Le jeune de 18 ans a été inculpé pour dégradations et outrages à agent.

Nantes : ivre, un casseur montre ses fesses puis son sexe aux policiers et se fait condamner
Nantes : ivre, un casseur montre ses fesses puis son sexe aux policiers et se fait condamner
Crédit : JEAN-SEBASTIEN EVRARD / AFP
Paul Véronique

Un casseur âgé de seulement 18 ans est passé en comparution immédiate au tribunal correctionnel de Nantes lundi 13 juin. Il a notamment écopé de trois mois de prison ferme pour avoir cassé du mobilier urbain, jeté des projectiles mais aussi avoir montré ses fesses et son sexe aux policiers... Il manifestait alors contre la loi Travail, relate Sud-Ouest

Ses agissements ont pu facilement être retracés puisqu'une adolescente l'a filmé durant toute la manifestation sur Periscope, une application pour diffuser des vidéos en direct. Dans la séquence, il se met en scène et se fait passer pour un "Black bloc", l'un de ces militants proches des mouvements anarchistes. Revendiquant une image de rebelle, le garçon explique avoir, "une fiche de recherche au cul depuis quatre ans..." En réalité, il n'en est rien. Inconnu des services de police, il était seulement venu à Nantes pour rendre visite à son père, surveillant pénitentiaire. Ivre au moment des faits, le jeune casseur avait un taux d'alcoolémie de 2,2 g. Il précisera avoir bu à lui seul, "une bouteille de vodka-citron et six bières". Raison qui explique sans doute pourquoi les enquêteurs l'ont décrit comme "le plus virulent" des participants ce jour-là. 

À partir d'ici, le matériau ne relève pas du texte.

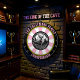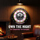 Admire este elegante diseño de ciervo en un bosque, acentuado con un atrevido superpuesto objetivo.

En garde à vue, il aurait déclaré : "Je casse tout ce qui représente l'État, j'ai la haine". À l'issue de son jugement, le jeune révolutionnaire n'a toutefois pas été conduit en prison, le tribunal n'ayant pas prononcé de mandat de dépôt. Un juge spécialisé sera chargé d'évaluer les modalités d'exécution de sa peine. Cela pourrait être une incarcération, une semi-liberté ou encore le port d'un bracelet électronique. Mais au-delà des trois mois fermes, il s'est aussi vu infliger cinq mois de sursis et une mise à l'épreuve de deux ans. En plus, une note salée à payer : 1.000 euros de dommages et intérêts à la société des transports en commun nantais, 200 euros à la communauté urbaine et 400 euros de supplémentaires au policier qu'il visait avec ses projectiles.